Director, Technical Operations
Are you looking for a patient-focused company that will inspire you and support your career? If so, be empowered to take charge of your future at Takeda. Join us as an Associate Director, Technical Operations in our Cambridge Massachusetts office.
Here, everyone matters and you will be a vital contributor to our inspiring, bold mission. As an Associate Director, Technical Operations working on the Technical Operations team, you will be empowered to enhance and innovate manufacturing processes and be the technical thought leader related to Takeda Oncology and Biologics products, and a typical day will include:
  • Manage technical issues relating to the global external manufacturing of commercial Drug Product.
  • Provide technical leadership within Technical Operations, Drug Product group for the management of oncology therapies drug product.
  • Responsible for commercial manufacturing of drug dosage forms, drug product manufacturing process design, optimization, scale-up, technology transfer and validation.
  • Lead to resolve technical issues relating to a product line or major technical projects within Technical Operation.
  • Lead a small group of Technical Operations staff to manage technical programs and contract manufacturing organizations.
  • Provide direct leadership for day-to-day technical activities for Takeda s oncology and biologics commercial drug product manufacturing i.e., trouble shooting, process changes and improvements, new manufacturing technology implementation etc.

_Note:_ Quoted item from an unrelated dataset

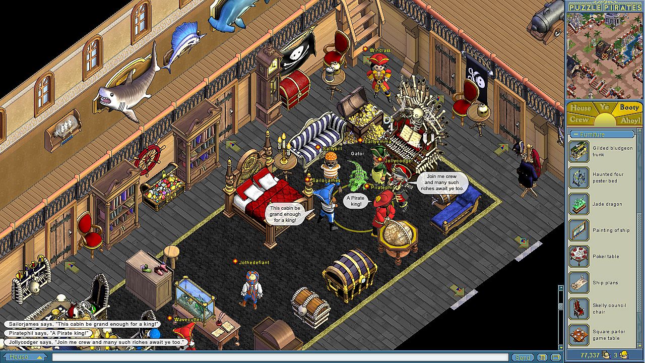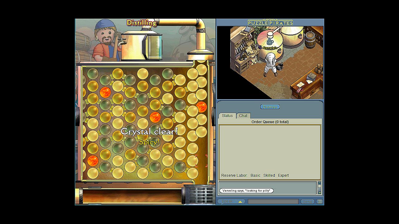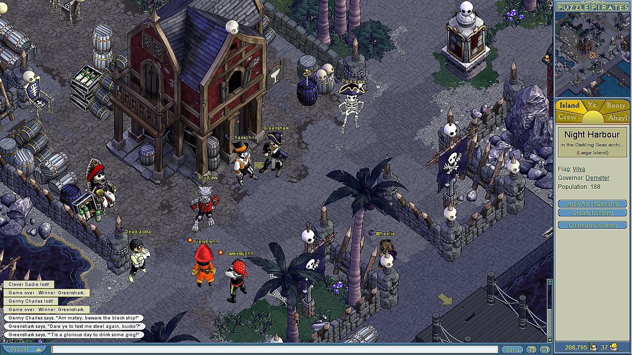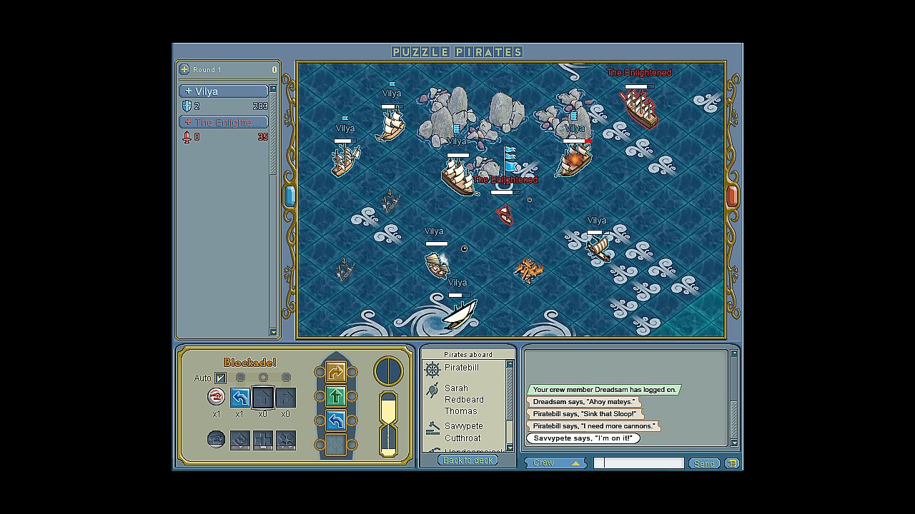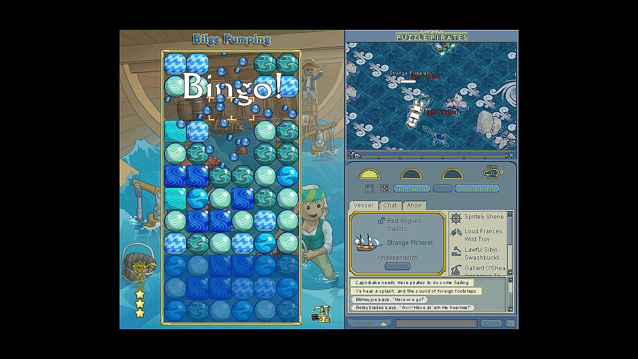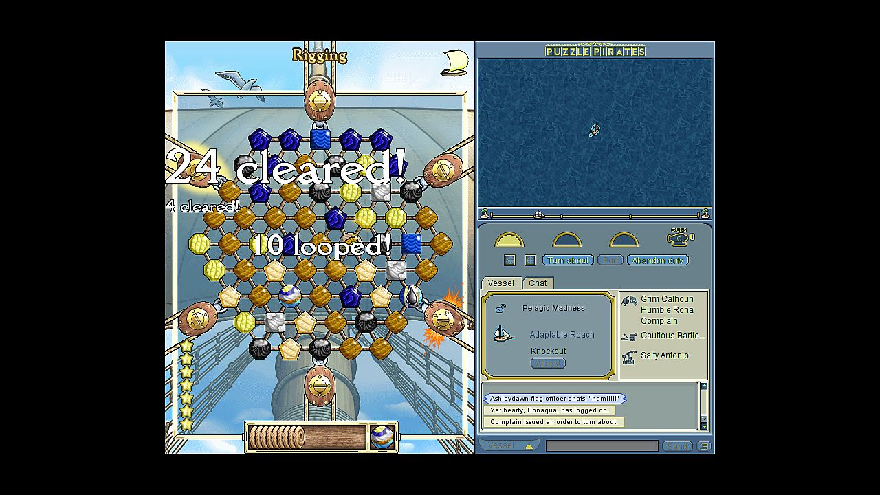 Brace yourself for swashbuckling puzzle action as you pillage your way to glory across the briny deep! Create and customize a pirate, collect booty, and join a player-run crew of cutthroats! Every activity in Puzzle Pirates is a uniquely fun puzzle: be it sailing, gunning, or hauling treasure, your own puzzling skill determines your success!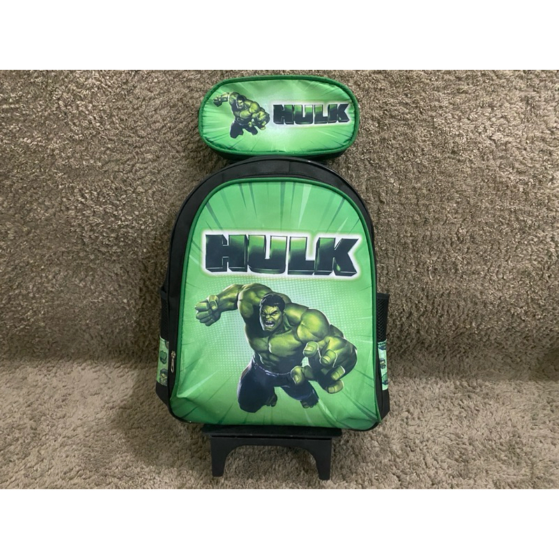 Kit De Mochila Infantil do Hulk com Rodinhas + lancheira térmica + Estojo 1 Zíper.

  • Lead and act as the primary interface on technical issues between Technical Operations and third-party drug product manufacturers.
  • Lead the exercise in the compilation and analysis of production data, such as IPC, release, and manufacturing process information relating to Takeda s oncology and biologics product portfolio.
  • Lead discussions on the presentation of the above data summary to improve manufacturing efficiency.
  • Author pertinent SOP s and manufacturing process instructions.
  • Direct and provide technical leadership on Change Controls, investigations, and CAPAs.
  • Lead critical technical projects relating to the manufacturing of Takeda commercial oncology and biologics drug product.


    • PhD + 8-10 yrs in biopharmaceutical industry
    • >1 year of experience working with technical staff of CMOs
    • Experience with technical transfer and validation of drug product manufacturing processes
    • Experience within a CMC team (CMC leadership preferred)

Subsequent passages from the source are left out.